Form 6-K

 

 

 

UNITED STATES

SECURITIES AND EXCHANGE COMMISSION

Washington, D. C. 20549

 

 

FORM 6-K

 

 

Report of Foreign Private Issuer

Pursuant to Rule 13a-16 or 15d-16 under the

Securities Exchange Act of 1934

For April 19, 2012

Commission File Number: 000-51672

 

 

FreeSeas Inc.

10, Eleftheriou Venizelou Street (Panepistimiou Ave.)

106 71, Athens, Greece

(Address of principal executive offices)

 

 

Indicate by check mark whether the registrant files or will file annual reports under cover Form 20-F or Form 40-F.

Form 20-F  þ            Form 40-F   ¨

Indicate by check mark if the registrant is submitting the Form 6-K in paper as permitted by Regulation S-T Rule 101(b)(1):  ¨

Indicate by check mark if the registrant is submitting the Form 6-K in paper as permitted by Regulation S-T Rule 101(b)(7):  ¨

Indicate by check mark whether the registrant by furnishing the information contained in this Form is also thereby furnishing the information to the Commission pursuant to Rule 12g3-2(b) under the Securities Exchange Act of 1934.

Yes  ¨            No  þ

If “Yes” is marked, indicate below the file number assigned to the registrant in connection with Rule 12g3-2(b): 82-            .

 

 

 


FreeSeas Inc. (the “Company”) is filing this Report on Form 6-K to provide the following information:

Restructuring of Bank Debt

As a result of the historically low charter rates for dry bulk vessels since early 2011, and the resulting material adverse impact on the Company’s results of operations, the Company has undertaken negotiations with each of its lenders to restructure the Company’s debt repayments.

Credit Suisse AG (“Credit Suisse”). The Company is a party to a Loan and Facility Agreement dated December 24, 2007, as amended, with Credit Suisse (the “Credit Suisse Facility Agreement”).
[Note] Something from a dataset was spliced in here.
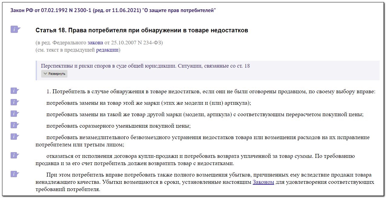 В России действует закон «О защите прав потребителей». Именно этот документ дает возможность отказываться от покупок, и возвращать их продавцу. Однако в нем обозначено несколько ситуаций, когда вернуть товары, а значит, и получить деньги за них не получится: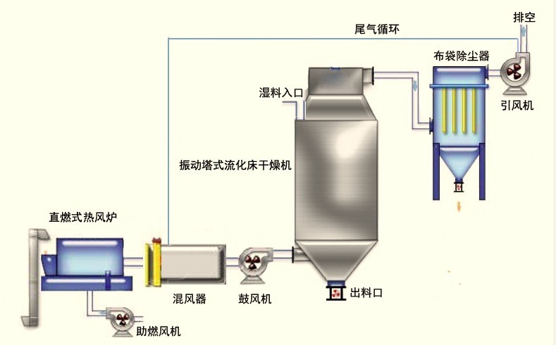 (7)尾氣多級(jí)循環(huán)利用,即達(dá)到了節(jié)能的目的,還可通過各級(jí)配風(fēng)調(diào)節(jié)干燥溫度的同時(shí),大大降低了干燥熱風(fēng)的含氧量。

The Company received a written proposal dated February 15, 2012, which proposal is subject to documentation and to participation by the Company’s other lenders, pursuant to which Credit Suisse has agreed to a two-year principal moratorium and restructuring of the interest rate, with an initial reduction to LIBOR plus 1% for the moratorium period. Under the proposal, the Company will not have to sell further vessels as previously required by Credit Suisse. As of the date of this report, we have not entered into definitive agreements reflecting this written proposal.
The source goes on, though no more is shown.